> WHAT THE EXERCISE ASKS
Repeat the following data exactly, omitting pictures.

> DATASET SECTION
[Start of Attachment]

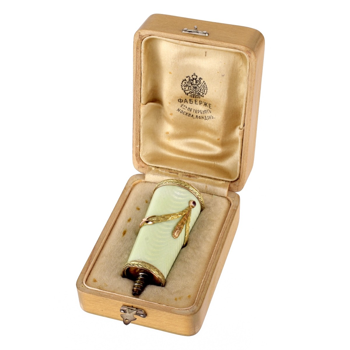 Circa 1908-1917 Russian Faberge Gemstone and Varicolor 56 Gold (14K) and Guilloche Enamel Parasol Handle. 56 gold standard mark, mark of Faberge workmaster Henrik Wigstrom, St. Petersburg (1908-1917). With fitted box stamped Faberge (cyrillic). Measures 2-1/8" H, 7/8" W. Approx. weight: 42.7 grams. Provenance: Sotheby's Important Russian Works of Art April 8,2014 Lot 6. Condition: "As Is" condition. Losses to enamel. Damaged at Sotheby's post auction. Estimate: $3000.00 - $5000.00 Domestic Shipping: $30.00
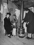 The Fourth Annual Goodfellow Ball will be held on November 29 at the Hotel Texas. The event is being sponsored by the Business and Professional Women's Club. Visiting one of the families in need are Mrs. J. B. Clark (left, seated) and Mrs. Hazel Rounds. They are gathering around the furnace. Mrs. Clark is wearing a hat, coat, and gloves. Mrs. Rounds is wearing a hat, checkered coat, and gloves. Two young boys are standing beside Mrs. Clark.
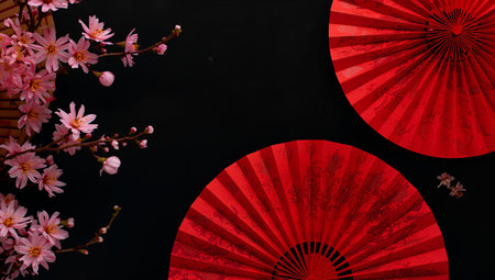 Two red fans rest beside pink cherry blossoms, creating a cultural scene. The dark background highlights the colors. The setting is suitable for a Japanese theme or celebration.
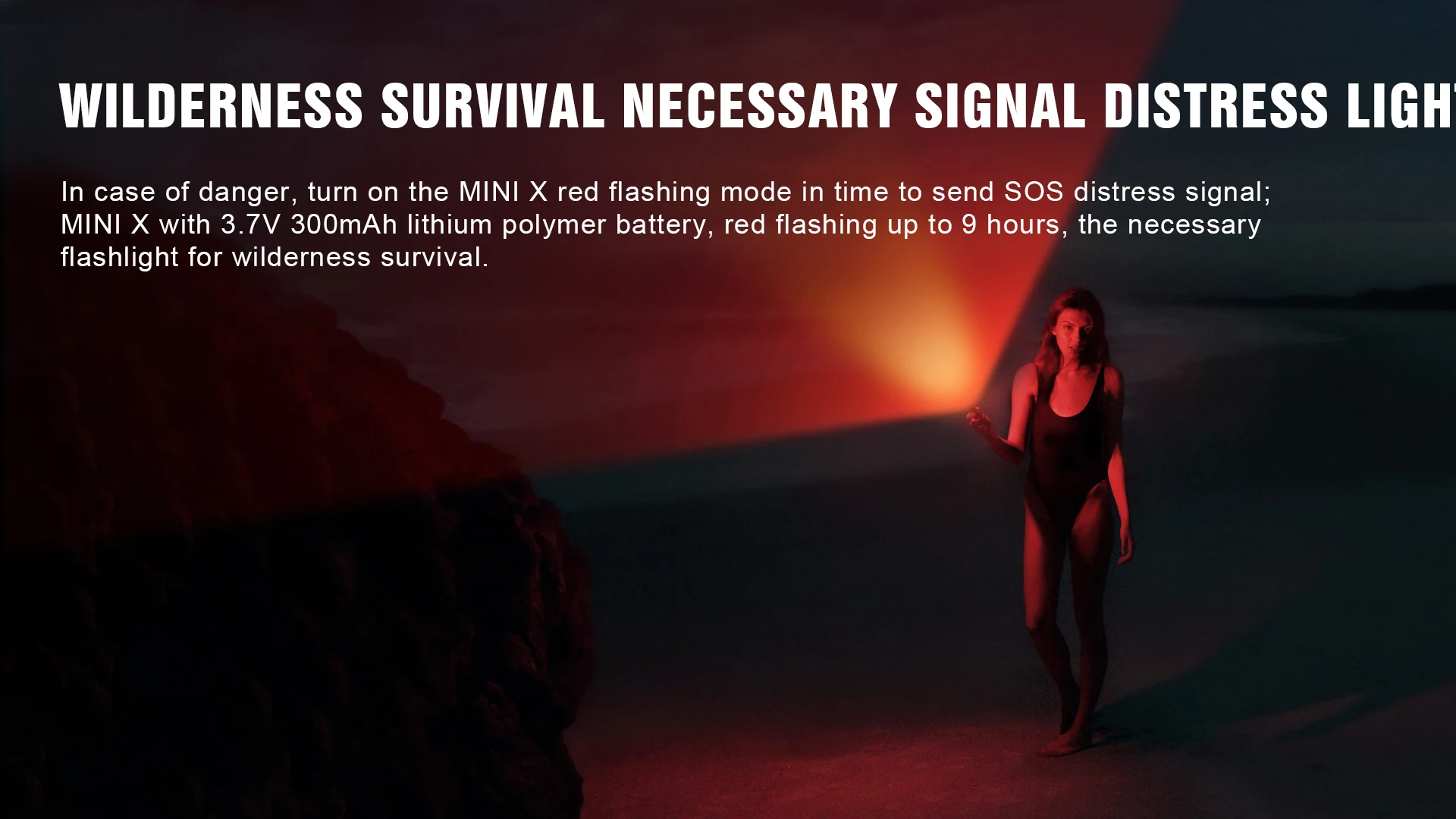 En caso de peligro, encienda el modo de parpadeo rojo MINI X a tiempo para enviar la señal de socorro SOS; MINI X con batería de polímero de litio de 3,7 V 300mAh, parpadeo rojo hasta 9 horas, la linterna necesaria para la supervivencia en la naturaleza.

[End of Attachment]

> EXERCISE RESPONSE
 Circa 1908-1917 Russian Faberge Gemstone and Varicolor 56 Gold (14K) and Guilloche Enamel Parasol Handle. 56 gold standard mark, mark of Faberge workmaster Henrik Wigstrom, St. Petersburg (1908-1917). With fitted box stamped Faberge (cyrillic). Measures 2-1/8" H, 7/8" W. Approx. weight: 42.7 grams. Provenance: Sotheby's Important Russian Works of Art April 8,2014 Lot 6. Condition: "As Is" condition. Losses to enamel. Damaged at Sotheby's post auction. Estimate: $3000.00 - $5000.00 Domestic Shipping: $30.00
 The Fourth Annual Goodfellow Ball will be held on November 29 at the Hotel Texas. The event is being sponsored by the Business and Professional Women's Club. Visiting one of the families in need are Mrs. J. B. Clark (left, seated) and Mrs. Hazel Rounds. They are gathering around the furnace. Mrs. Clark is wearing a hat, coat, and gloves. Mrs. Rounds is wearing a hat, checkered coat, and gloves. Two young boys are standing beside Mrs. Clark.
 Two red fans rest beside pink cherry blossoms, creating a cultural scene. The dark background highlights the colors. The setting is suitable for a Japanese theme or celebration.
 En caso de peligro, encienda el modo de parpadeo rojo MINI X a tiempo para enviar la señal de socorro SOS; MINI X con batería de polímero de litio de 3,7 V 300mAh, parpadeo rojo hasta 9 horas, la linterna necesaria para la supervivencia en la naturaleza.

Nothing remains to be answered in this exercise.